IIHS President Lund also points to 2008, when new federal rules made standard a feature called "electronic stability control." Commonly referred to as ESC, it is designed to keep drivers in control under conditions where they might otherwise spin out or experience a rollover, a major cause of light truck fatalities.

Between 2007, just before the new mandate took effect, and 2013, highway fatalities fell 20 percent, and that is expected to continue declining as older vehicles are replaced with new models equipped with ESC.

Stability control is considered a key reason why a record nine specific models, such as the Honda Odyssey minivan, experienced no deaths whatsoever between 2009 and 2012, according to the new IIHS study.

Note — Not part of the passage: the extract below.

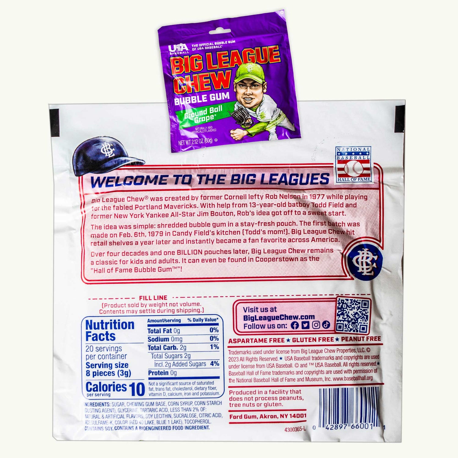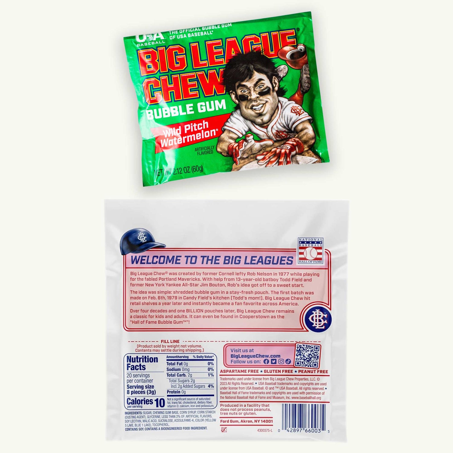 This 12-pack variety bundle includes Curveball Cotton Candy, Wild Pitch Watermelon, Ground Ball Grape, and Big Rally Blue Raspberry—each in the iconic 2.12oz pouch. With 3 pouches of each flavor, this pack delivers bold, fruity fun in Big League style. Perfect for sports fans, team snacks, party favors, and anyone who likes to chew big.
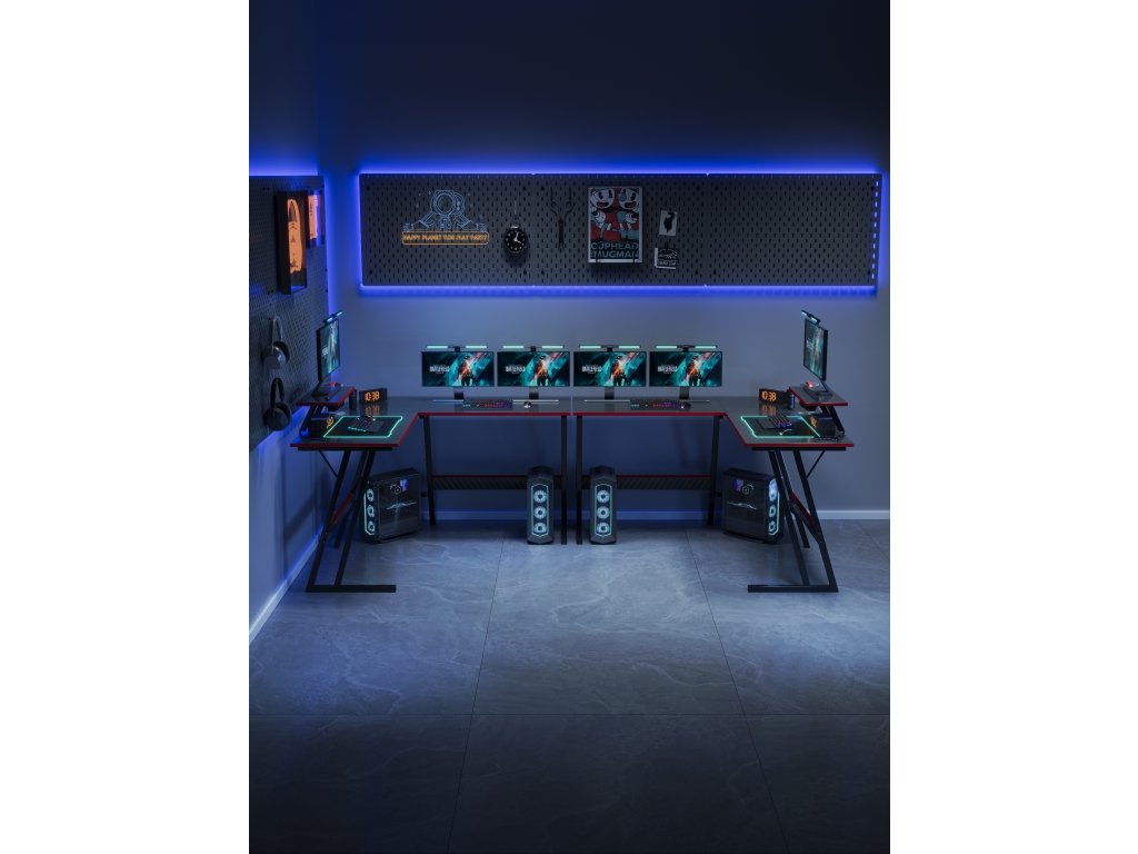 Die Arbeitsfläche von 130 × 130 cm und die Höhe von 74 cm bieten ausreichend Platz für Monitor, Tastatur, Maus und Zubehör. Die durchdachte Form gewährleistet eine ergonomische Sitzhaltung beim Spielen und Lernen. Der Tisch kann durch das Kombinieren von zwei BG02-Modellen erweitert werden, wodurch eine größere Arbeitsstation in L- oder U-Form entsteht.

The average vehicle in the study was linked to 28 deaths, down from 48 three years earlier, and 87 a decade before.

More advanced technologies

Even more advanced technologies are being introduced every year. Forward collision warning systems have already shown a sharp reduction in rear-end crashes, and new versions can bring a car to a stop if a driver’s attention is distracted. The Mercedes-Benz S-Class can automatically brake if it recognizes another vehicle running a red light.

The federal government is about to begin testing a smart roadway communications system that will alert motorists to crashes, bad weather and construction on 100 miles of highway in Metro Detroit. Similar vehicle-to-infrastructure and vehicle-to-vehicle communications systems may soon be mandated, just like electronic stability control.

And proponents contend that the semi and fully-autonomous vehicles set to begin rolling out over the next decade could yield even greater improvements in safety than technologies now on the road.

IIHS chief Lund is cautious about overstating the potential benefits. He and other experts admit it would be all but impossible to prevent all unforeseen disasters. There are also the technical glitches, such as the General Motors ignition switch problem now linked to 51 deaths, as well as the Takata airbag issue that has led to the recall of over 10 million vehicles, and which has so far been connected to as many as five deaths.

Mark Rosekind, the new administrator of the National Highway Safety Administration, told a Senate committee considering his nomination that the agency must be “the enforcer” to prevent such safety lapses.

“True zero, I don’t think we’ll ever see, but we’re going to get close to it,” said Lund. “I would be amazed if we don’t see a further decline in the death rate, perhaps a significant one,” when IIHS conducts its next study of vehicle safety.